An incident yesterday afternoon was more surprising to me. I had a routine doctor’s appointment and took Kate with me as I have done for the past couple of years. This visit was a little different than previous ones in that I had a number of questions to ask the doctor. Given Kate’s dependence on me, I have been thinking much more about my own health. I recognize how important it is for me to stay healthy. For most of my adult life staying healthy and in good physical shape has been important to me, but now it is essential.

Thus, I was more attentive as the doctor went through my lab report. I asked more questions than usual. I was especially interested in my weight, cholesterol, and blood pressure. Since my last appointment, I have not exercised nearly as much as I had been. Not only that but we have eaten more desserts on a regular basis than we used to. I have also felt more stress. I talked to the doctor about my self-diagnosis of a pinched nerve in my hip. We discussed the likely source of the problem and stretching exercises that might help that. Of course, the problem is gone now, but it is the kind of thing that could happen again if I return to my regular exercise routine.

I am glad to report that all my lab results, though not as good as last visit, were in line with my past history. The only difference was my platelet count. It was fine but significantly lower than last time. That was obviously the result of my having donated platelets the afternoon before my labs the next morning. I had gained two pounds but was right in line with my personal goal. My blood pressure was also good.

As Kate and I left the doctor’s office, I could see that she looked worried. I asked if she were all right. She went on to explain that she had been thinking about what would happen to her if something happened to me. She couldn’t imagine what she would do. I told her I was going to make sure that I stay in good shape and that I would be able to take care of anything she needed. She seemed relieved, and we didn’t say anything more. I was struck, however, by how well she understood the potential problem for her should anything happen to me. It made me think of a conversation we had a few nights ago. She said, “Thank you for everything that you do for me. I couldn’t live without you.” I think the doctor’s visit heightened her sense of dependence and insecurity. I don’t think she understood much of what the doctor and I talked about, but she detected a tone of seriousness that shook her.

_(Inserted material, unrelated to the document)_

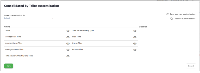 The score for each team is defined by the sprints/periods loaded in the VSM. When clicking on a tribe’s score, the sprints/periods being considered are listed.

One other incident occurred just this morning. Kate started to get out of bed about 4:20. I asked if she needed to go to the bathroom. She did and asked where it is. I told her I would show her. She needed my help getting on her feet and seemed a bit unsteady. I held her hand and walked her to the toilet. She seemed so needy, like someone much older than she is. Of course, some of this goes along with her grogginess upon waking, but it seems like more than that to me. I continue to feel that her lack of exercise is creating a problem. Increasingly, she has difficulty getting out of a chair or into and out of the car. During the winter, I may need to think about museum outings that she won’t think of as exercise. We may also be reaching a time when I could get her to walk around the house. I don’t want to see her wheel-chair bound anytime soon, but even if we can avoid that her dependence will continue to increase as illustrated by the events above.

As I was about to add this post to the blog, I heard Kate say, “Hello.” I looked up and saw her standing in the doorway to the family  room. I walked over to her. She said, “Is anyone else here besides you and me?” I said, “No.” She said, “Good.” I’m not exactly sure what prompts this, but this is something she asks periodically. I suspect she may feel she has some obligation as a hostess if there is someone else with us. Then she asked me if she could go back to bed. I told her it was still early (8:20), and she could sleep a little longer. She got back in bed, and I pulled the covers over her. She said, “You’re the best husband.” I took note of the fact that she remembered that I am her husband. That reminds me of something else. I don’t recall her asking my name or anyone else’s  yesterday.